**EXERCISE:**
In the records below, reproduce exactly the lines from the one containing "Недавно вдали от" through the one containing "BAAマークは、一般社団法人", both included, and omit the pictures.

§ §

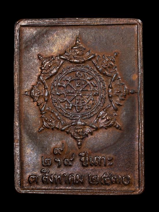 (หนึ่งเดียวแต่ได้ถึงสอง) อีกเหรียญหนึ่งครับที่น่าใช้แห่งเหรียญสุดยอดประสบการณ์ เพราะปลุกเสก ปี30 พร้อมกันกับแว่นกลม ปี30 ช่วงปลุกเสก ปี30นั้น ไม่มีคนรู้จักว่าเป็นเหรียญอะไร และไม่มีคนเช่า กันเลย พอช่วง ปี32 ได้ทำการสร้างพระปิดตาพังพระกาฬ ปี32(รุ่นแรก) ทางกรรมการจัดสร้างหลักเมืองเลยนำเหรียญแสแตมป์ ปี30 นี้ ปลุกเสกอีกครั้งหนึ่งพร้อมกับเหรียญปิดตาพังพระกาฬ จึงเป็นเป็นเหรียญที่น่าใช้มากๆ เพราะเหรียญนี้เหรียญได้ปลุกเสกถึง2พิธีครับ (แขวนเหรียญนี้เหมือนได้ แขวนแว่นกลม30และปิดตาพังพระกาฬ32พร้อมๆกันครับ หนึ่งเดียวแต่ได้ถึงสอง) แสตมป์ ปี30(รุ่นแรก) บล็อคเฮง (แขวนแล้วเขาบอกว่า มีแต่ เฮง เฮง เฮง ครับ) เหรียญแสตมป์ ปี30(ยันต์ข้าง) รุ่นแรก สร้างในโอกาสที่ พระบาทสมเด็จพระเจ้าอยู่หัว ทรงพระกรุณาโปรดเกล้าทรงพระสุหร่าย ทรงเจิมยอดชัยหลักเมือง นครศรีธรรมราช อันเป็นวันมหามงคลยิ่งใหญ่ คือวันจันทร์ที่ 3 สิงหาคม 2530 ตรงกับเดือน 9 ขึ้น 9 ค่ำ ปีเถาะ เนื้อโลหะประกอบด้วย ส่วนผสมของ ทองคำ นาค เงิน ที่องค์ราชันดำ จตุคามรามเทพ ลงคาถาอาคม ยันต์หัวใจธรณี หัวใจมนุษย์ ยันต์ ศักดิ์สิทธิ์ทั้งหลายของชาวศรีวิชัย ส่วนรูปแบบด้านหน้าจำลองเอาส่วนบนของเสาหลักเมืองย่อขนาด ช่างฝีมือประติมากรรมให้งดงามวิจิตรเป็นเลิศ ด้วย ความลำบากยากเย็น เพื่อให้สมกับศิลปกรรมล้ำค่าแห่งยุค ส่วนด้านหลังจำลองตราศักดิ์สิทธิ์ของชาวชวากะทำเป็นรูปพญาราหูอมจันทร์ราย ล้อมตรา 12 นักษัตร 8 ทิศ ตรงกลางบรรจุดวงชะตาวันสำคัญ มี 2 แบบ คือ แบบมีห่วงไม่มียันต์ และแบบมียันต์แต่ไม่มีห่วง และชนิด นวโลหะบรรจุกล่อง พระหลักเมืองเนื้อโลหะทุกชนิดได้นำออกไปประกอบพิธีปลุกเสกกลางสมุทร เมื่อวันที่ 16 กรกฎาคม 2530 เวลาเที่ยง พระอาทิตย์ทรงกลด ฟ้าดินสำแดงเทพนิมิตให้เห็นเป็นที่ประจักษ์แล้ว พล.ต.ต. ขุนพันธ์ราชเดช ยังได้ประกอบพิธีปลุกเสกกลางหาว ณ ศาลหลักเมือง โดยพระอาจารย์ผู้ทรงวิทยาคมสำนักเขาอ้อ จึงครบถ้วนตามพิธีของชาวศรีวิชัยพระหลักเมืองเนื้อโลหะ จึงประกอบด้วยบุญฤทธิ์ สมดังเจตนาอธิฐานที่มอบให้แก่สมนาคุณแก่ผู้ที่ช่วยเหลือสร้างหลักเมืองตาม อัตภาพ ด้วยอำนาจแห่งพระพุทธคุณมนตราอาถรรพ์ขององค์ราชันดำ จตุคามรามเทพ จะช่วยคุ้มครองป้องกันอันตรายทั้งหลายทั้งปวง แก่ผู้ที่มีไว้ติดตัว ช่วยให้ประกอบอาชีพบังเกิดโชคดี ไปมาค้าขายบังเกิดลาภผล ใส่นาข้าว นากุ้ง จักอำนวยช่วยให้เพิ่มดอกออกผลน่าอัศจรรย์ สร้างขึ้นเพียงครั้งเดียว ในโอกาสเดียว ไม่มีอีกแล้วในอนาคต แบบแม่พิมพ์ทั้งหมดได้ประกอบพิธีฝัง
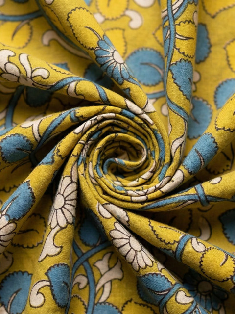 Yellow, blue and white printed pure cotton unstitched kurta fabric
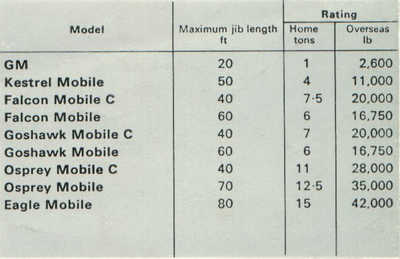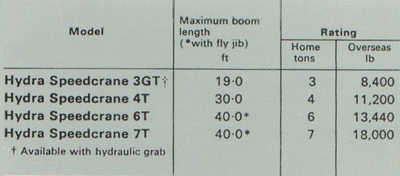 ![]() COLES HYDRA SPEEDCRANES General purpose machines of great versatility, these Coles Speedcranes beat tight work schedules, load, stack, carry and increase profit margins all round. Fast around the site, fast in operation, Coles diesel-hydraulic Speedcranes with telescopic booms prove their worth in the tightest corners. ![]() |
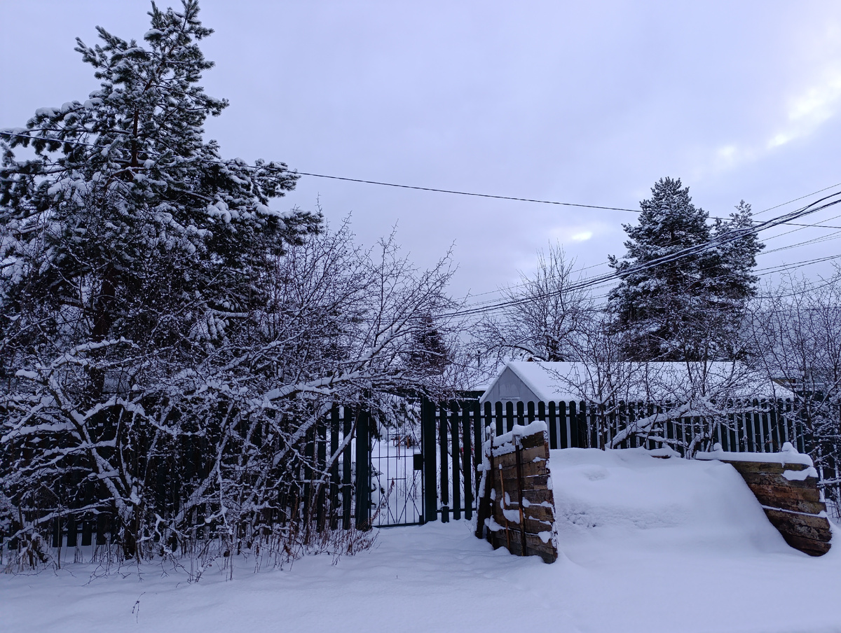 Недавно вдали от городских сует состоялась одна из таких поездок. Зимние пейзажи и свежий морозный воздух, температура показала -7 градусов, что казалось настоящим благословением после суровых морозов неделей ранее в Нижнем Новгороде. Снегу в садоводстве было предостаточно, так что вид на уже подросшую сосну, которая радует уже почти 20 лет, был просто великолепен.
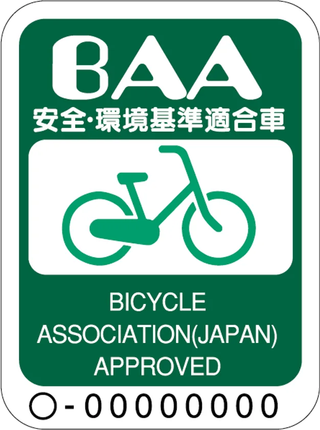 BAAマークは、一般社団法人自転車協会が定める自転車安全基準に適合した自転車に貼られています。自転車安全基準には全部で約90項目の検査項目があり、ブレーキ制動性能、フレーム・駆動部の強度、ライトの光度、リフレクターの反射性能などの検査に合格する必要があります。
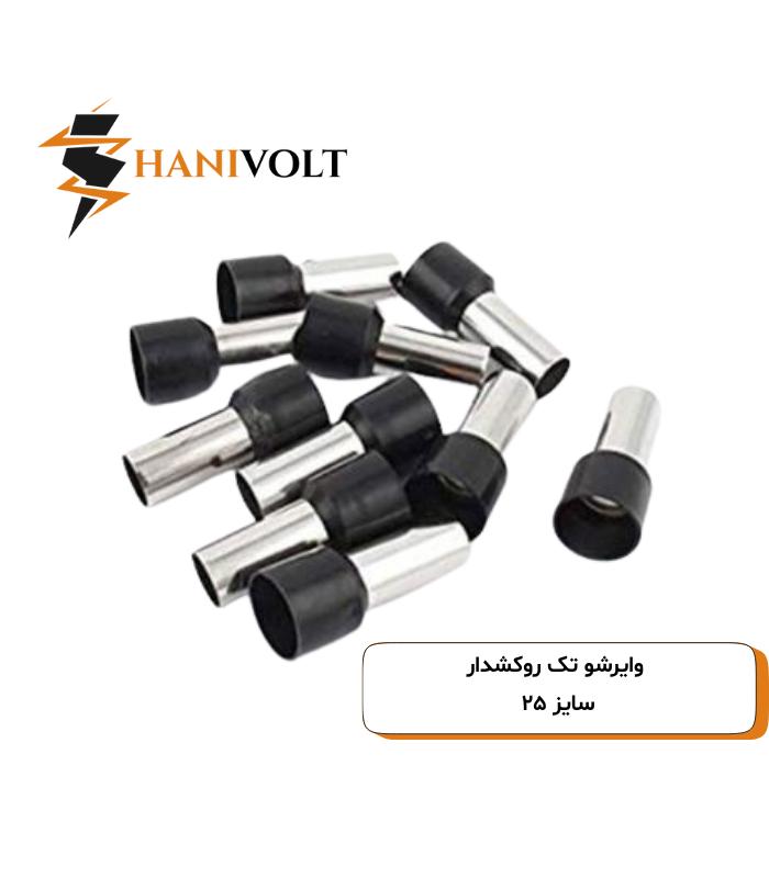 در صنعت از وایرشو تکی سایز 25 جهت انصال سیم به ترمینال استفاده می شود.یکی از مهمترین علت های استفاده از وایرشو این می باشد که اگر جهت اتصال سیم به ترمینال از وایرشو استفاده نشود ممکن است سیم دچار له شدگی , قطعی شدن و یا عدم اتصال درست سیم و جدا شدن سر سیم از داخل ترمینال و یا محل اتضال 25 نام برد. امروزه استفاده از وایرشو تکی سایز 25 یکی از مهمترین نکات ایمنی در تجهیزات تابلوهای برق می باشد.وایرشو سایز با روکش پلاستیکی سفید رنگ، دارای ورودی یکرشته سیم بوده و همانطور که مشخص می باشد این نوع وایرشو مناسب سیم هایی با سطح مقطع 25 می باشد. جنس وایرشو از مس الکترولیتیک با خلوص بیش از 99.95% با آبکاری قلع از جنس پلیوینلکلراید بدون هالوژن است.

§ §

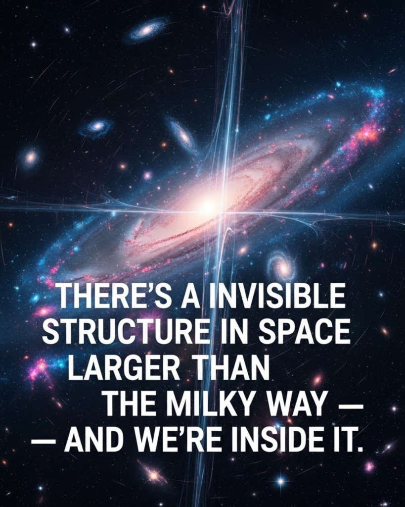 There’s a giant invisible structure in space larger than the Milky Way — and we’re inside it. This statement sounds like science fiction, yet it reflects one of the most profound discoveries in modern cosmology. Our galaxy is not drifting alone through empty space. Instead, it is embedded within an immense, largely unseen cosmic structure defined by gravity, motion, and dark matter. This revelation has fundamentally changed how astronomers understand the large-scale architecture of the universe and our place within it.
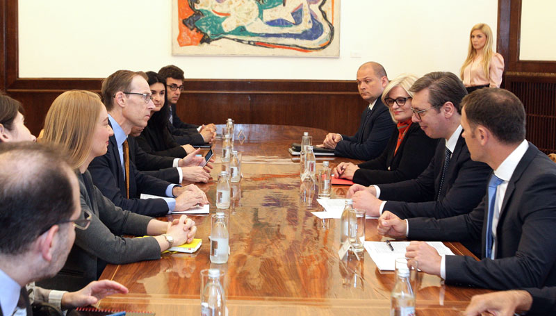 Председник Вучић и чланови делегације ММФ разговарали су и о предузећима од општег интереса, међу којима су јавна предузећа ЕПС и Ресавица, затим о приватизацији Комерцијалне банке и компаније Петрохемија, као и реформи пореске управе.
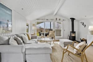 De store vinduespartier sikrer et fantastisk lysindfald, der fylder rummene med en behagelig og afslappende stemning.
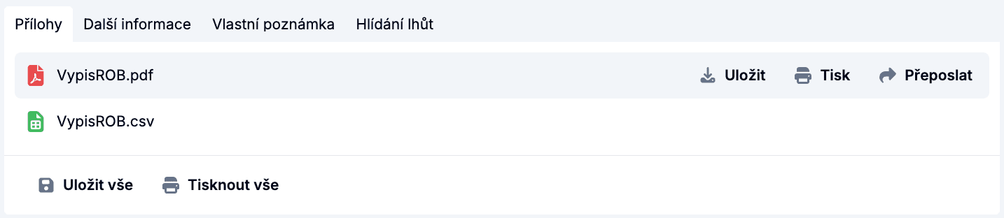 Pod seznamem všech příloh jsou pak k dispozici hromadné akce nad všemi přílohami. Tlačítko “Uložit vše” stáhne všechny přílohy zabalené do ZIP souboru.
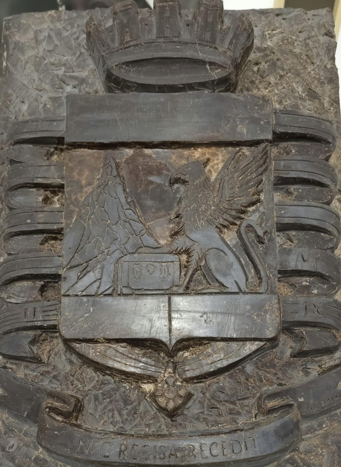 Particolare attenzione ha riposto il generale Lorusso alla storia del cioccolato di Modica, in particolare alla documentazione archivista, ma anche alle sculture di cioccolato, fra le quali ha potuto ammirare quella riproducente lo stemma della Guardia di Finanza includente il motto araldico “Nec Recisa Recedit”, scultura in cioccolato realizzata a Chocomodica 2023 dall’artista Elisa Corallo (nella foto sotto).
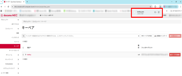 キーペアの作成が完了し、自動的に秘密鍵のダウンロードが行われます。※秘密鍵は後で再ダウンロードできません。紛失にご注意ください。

§ §

**WORKED SOLUTION:**
 Недавно вдали от городских сует состоялась одна из таких поездок. Зимние пейзажи и свежий морозный воздух, температура показала -7 градусов, что казалось настоящим благословением после суровых морозов неделей ранее в Нижнем Новгороде. Снегу в садоводстве было предостаточно, так что вид на уже подросшую сосну, которая радует уже почти 20 лет, был просто великолепен.
 BAAマークは、一般社団法人自転車協会が定める自転車安全基準に適合した自転車に貼られています。自転車安全基準には全部で約90項目の検査項目があり、ブレーキ制動性能、フレーム・駆動部の強度、ライトの光度、リフレクターの反射性能などの検査に合格する必要があります。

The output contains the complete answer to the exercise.